Total DNA was extracted using a MiniBEST Universal Genomic DNA Extraction Kit (TaKaRa, Japan). To determine the mtDNA/gDNA ratio, qPCR was performed to amplify the mitochondrial genome (mt16s) and nuclear genome (B2M), as previously described (Bueno et al., 2015). The expression of mtDNA was normalized by that of nuclear DNA using the comparative cycle threshold (^∆∆ Ct) method.

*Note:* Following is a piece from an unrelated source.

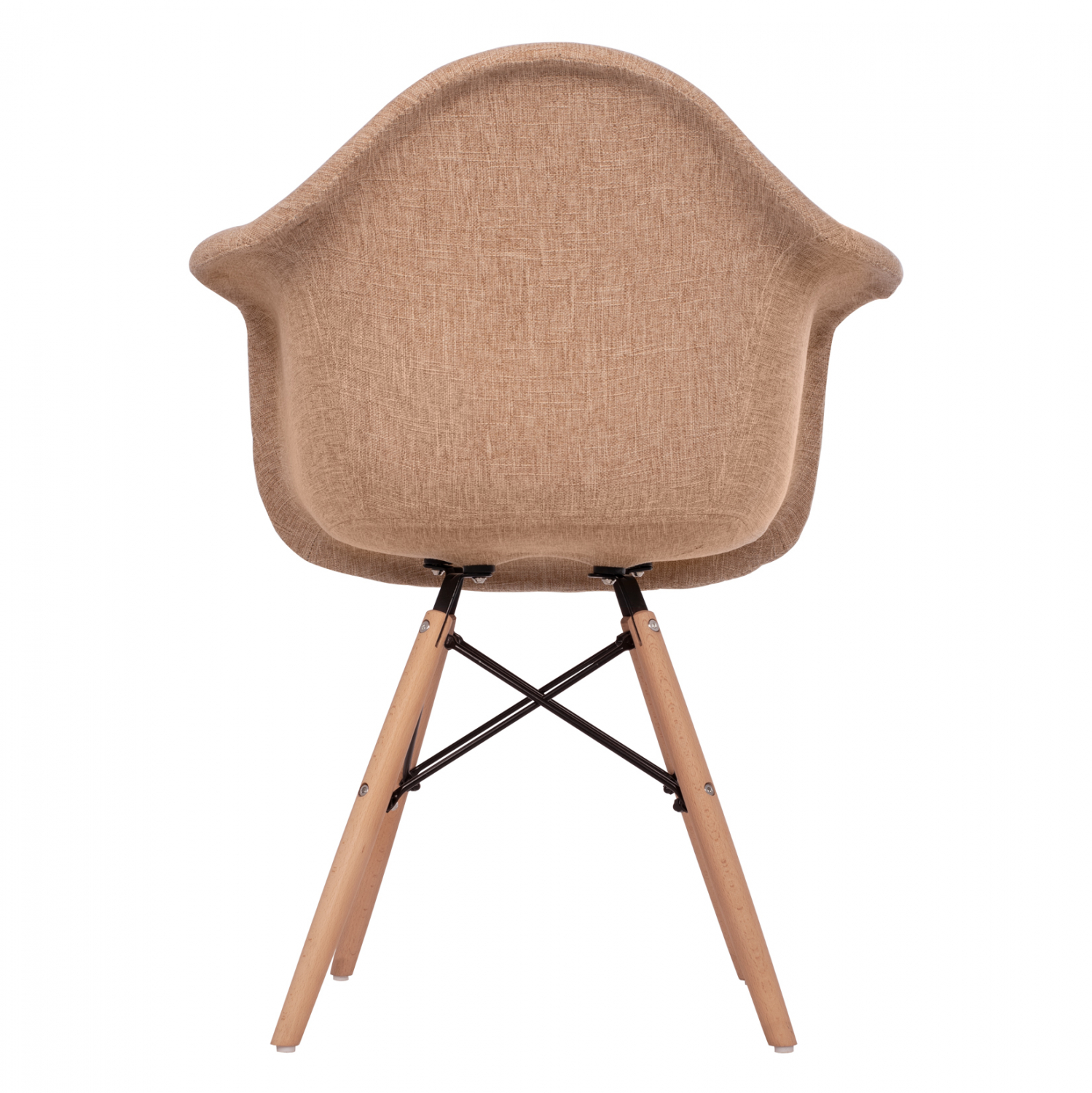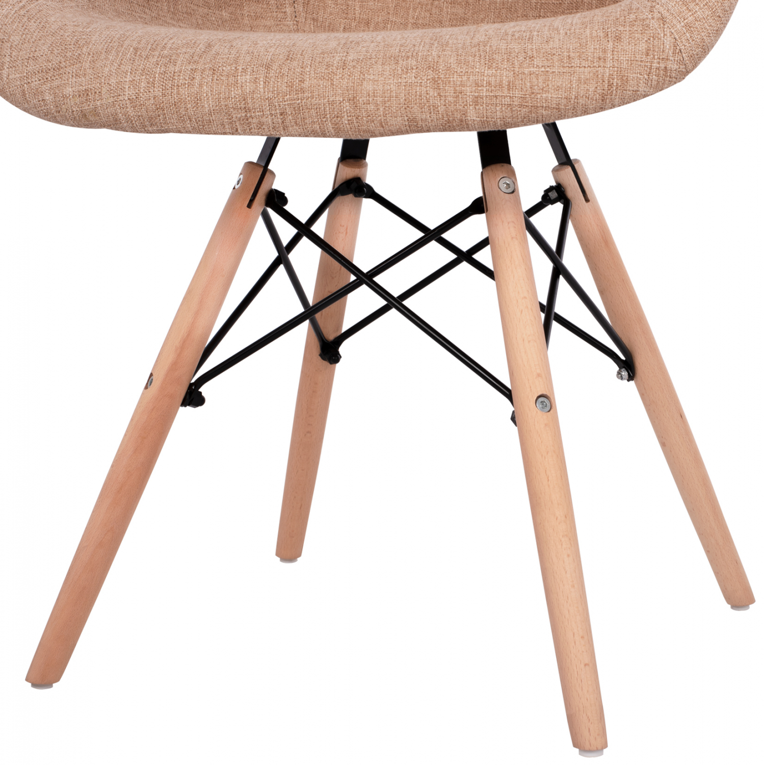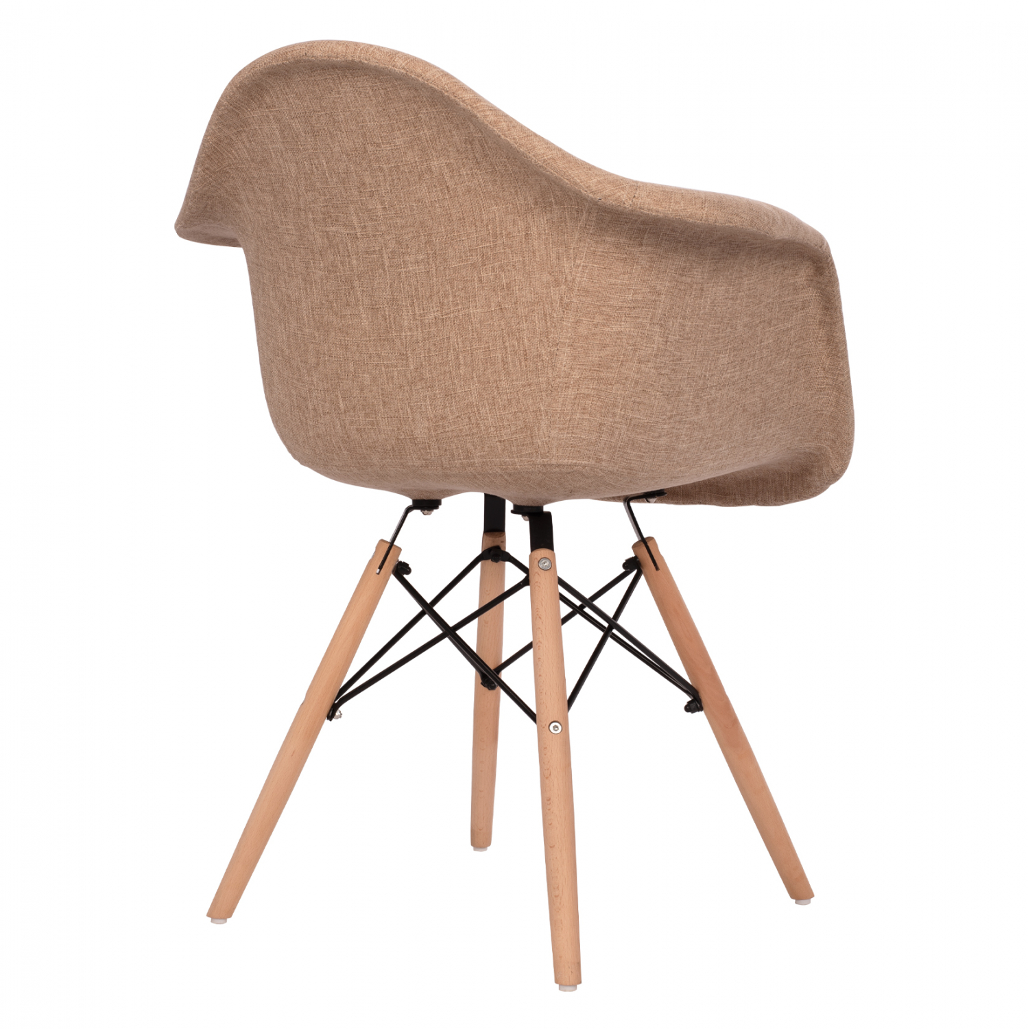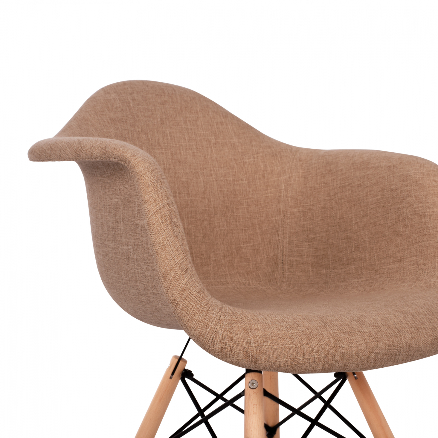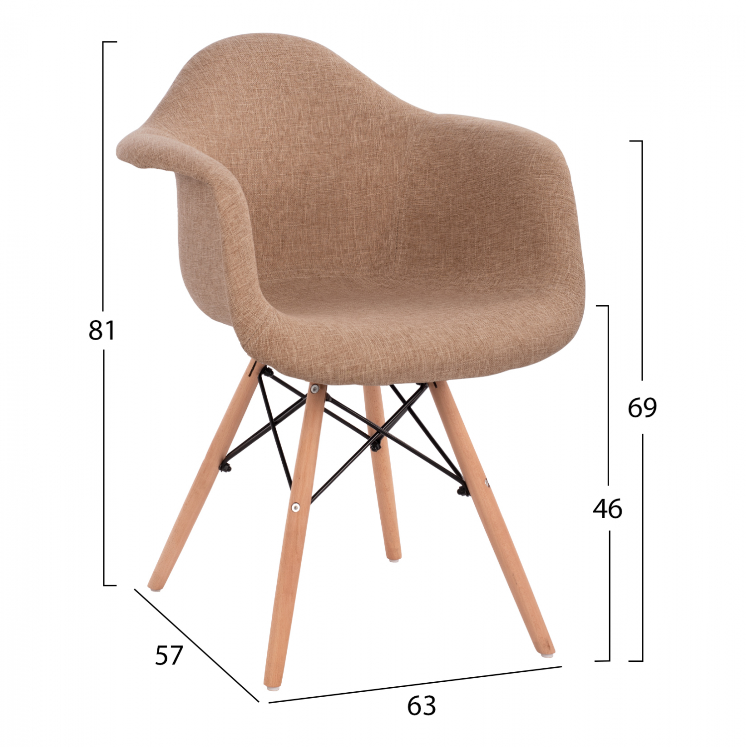 Μοντέρνα πολυθρόνα με μπεζ ύφασμα και φυσικά πόδια οξιάς. Ταιριάζει με όλα σχεδόν τα στιλ και είναι μια καρέκλα σταθμός στην ιστορία του design.

The sequences of the primers used for PCR were as follows: SIRT3 (mouse): forward, CACGTTTACAAACATGAACC, reverse, CATGCTAGATTGCCCTAGT; β-actin (mouse): forward, AGACCTTCAACACCCCAG, reverse, CACGATTTCCCTCTCAGC; SIRT3 (human): forward, TGGCACCCAGCACAATGAA, reverse, CTAAGTCATAGTCCGCCTAGAAGCA; β-actin (human): forward, TGGCACCCAGCACAATGAA, reverse, CTAAGTCATAGTCCGCCTAGAAGCA; B2M (human): forward, TGCTGTCTCCATGTTTGATGTATCT, reverse, TCTCTGCTCCCCACCTCTAGGT; and mt16S (human): forward, GCCTTCCCCCGTAAATGATA, reverse, TTATGCGATTACCGGGCTCT.

ATP Production

Cellular ATP levels were determined using an Enhanced ATP Assay Kit (Beyotime, China). Lysed cells were centrifuged for 5 min at 4°C and 12,000 g, and the supernatant was collected. Before ATP detection, detecting solution was added to a 96-well plate and incubated at room temperature for 5 min. The supernatant was then added to the plate, mixed quickly, and read within 30 min. Total ATP levels were calculated from the luminescence signals and were normalized by the protein concentrations.

Apoptosis Analysis

For Annexin V FITC (BD Biosciences, San Diego, CA, USA) labeling, HK2 cells were gathered by trypsinization, washed in cold phosphate-buffered serum (PBS), and then incubated with Annexin V FITC according to the manufacturer’s instructions. Next, the cells were analyzed by flow cytometry.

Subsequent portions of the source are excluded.